A partir daquele fatídico dia, a vida nunca mais foi a mesma para ninguém. Uns ficaram desauridos, inconformados com a perda dos seus ente-queridos, outros com a perda dos seus haveres, uma vez que as coisas foram-se degradando às tempestades que se seguiram. Foi um perder a esperança, um descrédito total num futuro qualquer. Avizinhou-se um verdadeiro desaire. 

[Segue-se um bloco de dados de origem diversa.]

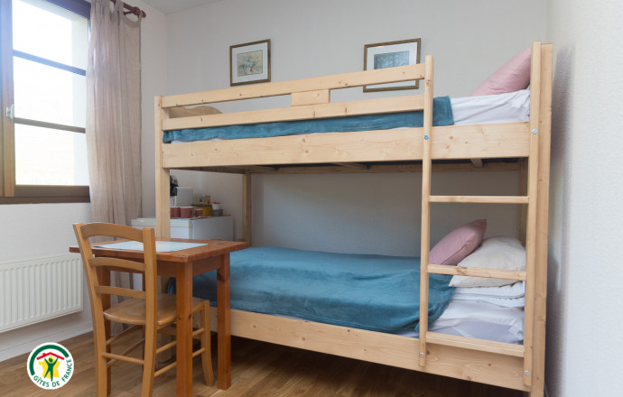 Grande chambre comporte 2 pièces 1 lit double et 2 lits superposés pour accueillir couple avec enfants
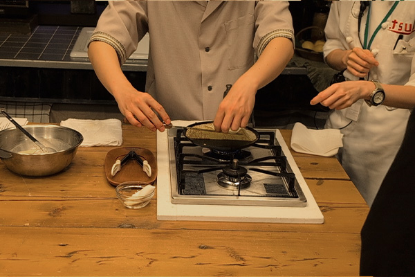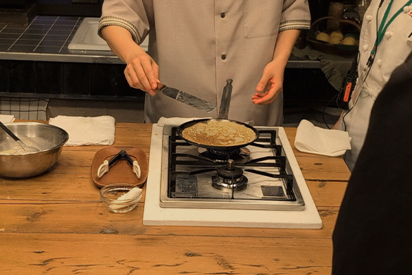 ふきんから持ち上げて空中でフライパンを回しながら生地を薄く均一に流して焼いていきます。
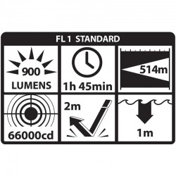 La lampe tactique pour arme TWM-30-T Turbo de Nightstick est dotée d'un faisceau turbo de 900 lumens avec 66 000 candelas pour une distance de rayonnement de 514 mètres. Elle est optimisée pour les portées étendues, son intensité concentrée projette la puissance nécessaire pour surmonter les barrières photoniques telles que les vitres teintées et les phares venant en sens inverse.
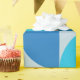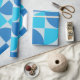 This wrapping paper featuring Geometric Mid century modern abstract shapes shapes pattern in blue and turquoise .
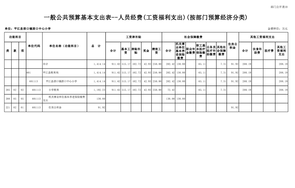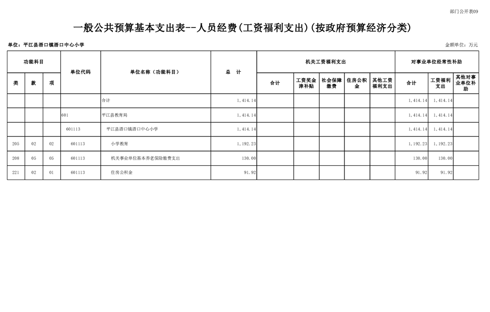 平江县浯口镇浯口中心小学2025年部门预算公开
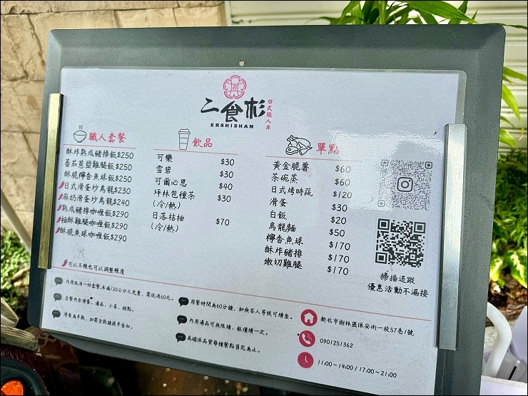 團員留言推薦的平價豬排王者! 上次打卡桃園車站拾位製飯所時,團員來留言推薦樹林後車站附近這間二食杉是平價豬排王者,看估咩地圖店址在樹林保安街一段(近樹林火車站),從板橋家裡騎機車過來只要19分鐘,開車會比較不好停車,假日建議先訂位,我們平日中午一開門立馬衝,內用位子還不少。

Seguiram-se vários quadros de tristeza. A partida dos meus irmãos mais velhos para cumprir o Serviço Militar em São Miguel, Arrifes. Um partiu nesse ano de 80 e o outro a seguir. Além dessa falta para a reconstrução iminente, o meu pai ficou com uma depressão, estado gravíssimo. Foi tratado por um neurologista. Como se costuma dizer, uma desgraça nunca vem só. Na altura, a minha mãe deixava na farmácia, a módica quantia de doze mil escudos. Muito dinheiro, tendo em conta o ano em que decorreu. Mas valeu a pena, ao fim de um ano, o meu pai estava bom e manteve-se até hoje, com a bonita idade de 92, quase 93 anos. 
Em suma, foi o viver de uma situação horrível, que não se deseja nem ao pior dos inimigos. 

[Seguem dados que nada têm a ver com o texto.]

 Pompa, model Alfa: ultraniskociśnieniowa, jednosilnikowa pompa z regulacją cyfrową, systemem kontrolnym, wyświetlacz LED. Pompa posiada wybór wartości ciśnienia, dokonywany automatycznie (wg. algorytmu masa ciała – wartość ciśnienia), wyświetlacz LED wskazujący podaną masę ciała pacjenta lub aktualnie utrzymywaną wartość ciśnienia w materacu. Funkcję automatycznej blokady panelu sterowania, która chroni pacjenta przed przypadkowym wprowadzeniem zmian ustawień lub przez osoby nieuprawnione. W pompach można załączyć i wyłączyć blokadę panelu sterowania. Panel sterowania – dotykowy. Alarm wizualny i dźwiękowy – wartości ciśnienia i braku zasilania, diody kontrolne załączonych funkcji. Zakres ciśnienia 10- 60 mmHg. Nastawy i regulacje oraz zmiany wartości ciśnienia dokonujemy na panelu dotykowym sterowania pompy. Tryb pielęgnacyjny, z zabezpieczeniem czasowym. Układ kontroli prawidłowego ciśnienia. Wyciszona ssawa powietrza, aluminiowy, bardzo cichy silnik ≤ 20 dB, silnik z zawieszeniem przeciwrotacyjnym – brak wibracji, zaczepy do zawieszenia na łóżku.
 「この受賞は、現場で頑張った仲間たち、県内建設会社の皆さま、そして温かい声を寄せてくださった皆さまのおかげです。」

No entanto, houve pessoas mais astutas e outras menos escrupulosas que tiraram partido da situação e de tudo fizeram para ficarem bem na vida, à custa do muito que enviaram para as instituições, mormente a nossa família, que depois ouvia da nossa boca que não tinha chegado nada daquilo que tinham enviado. Veio-se a descobrir que tudo era filtrado pelas várias instituições que passavam, e o que sobejava, era precisamente o que nos tocava. A partir da denúncia às famílias, tudo passou a ser diferente. Recebemos directamente para a nossa residência, a fim de se evitar estas aldrabices. 
No meio de tanta desgraça, houve quem se melhorou e outras pessoas jamais voltaram à sua vida normal. 

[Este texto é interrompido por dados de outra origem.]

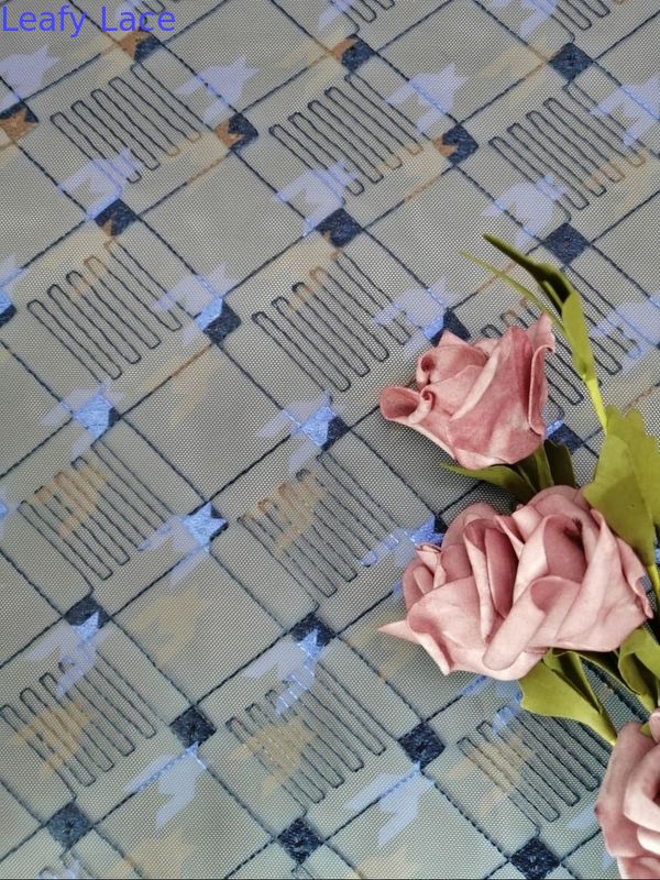 Navy color Printing Embroidery Digital Printed Lace Fabric Digital printing grid Tulle
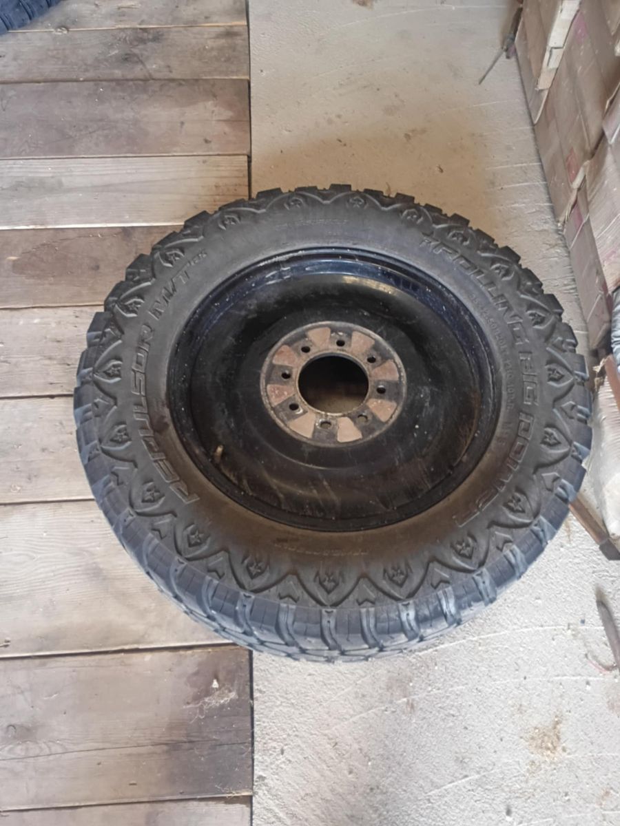 20" rims, 35x12.50 R20, for a dually truck. The set of 6 rims are in good condition; some tires are in fair condition. Had them on a 2014 Ram 3500.
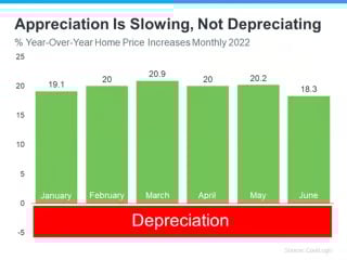 The graph below uses the latest data from CoreLogic to help tell the story of how home prices are decelerating, but not depreciating so far this year:

Sinto pesar de não ter na altura mais idade, dado que não gostei da reconstrução como ela foi feita. Tínhamos uma casa com história, cerca de 300 anos, aliás muito apreciada por um determinado Engenheiro que ficou amigo lá de casa, sobretudo com a minha mãe, que tomou as rédeas da reconstrução. 
Perdeu-se muito valor patrimonial, devido à reconstrução das novas casas, fugindo à regra, ou seja, a maioria delas ficou adulterada, o que pessoalmente, não gosto, pois gostaria de ver as Doze Ribeiras erguida com as construções antigas, com mais qualidade, evidentemente, mais funcionais e com casas de banho, o melhor que o sismo trouxe. As casas de banho e a água canalizada, o que já na altura era criticado pela falta delas. Infelizmente, foi preciso tanta dor, tanta desolação para que se modernizasse alguma coisa, e oferecesse melhores condições de vida àquela população, que de certa forma, estava no esquecimento. 
Passados estes anos, sei de tanta aldrabice, tanto aproveitamento de alguns em prol de benefício próprio. Mas como aquele ditado que diz, tudo o que é roubado não luz, assim tem acontecido, pelo que se vê. 
Passados que são 39 anos, tenho presente toda esta desgraça. Sei que a vida tomou outro rumo, pois as pessoas que passam por estas catástrofes sofrem alterações profundas e irreversíveis. 
Apesar da pouca idade de então, comecei a dar outro sentido à vida. Verifiquei que tudo é efémero, que os bens materiais não oferecem segurança, pois tanto podemos tê-los, como de repente, começar do zero...quando algo tão aterrador acontece e nos deixa na penúria, sem fim à vista. 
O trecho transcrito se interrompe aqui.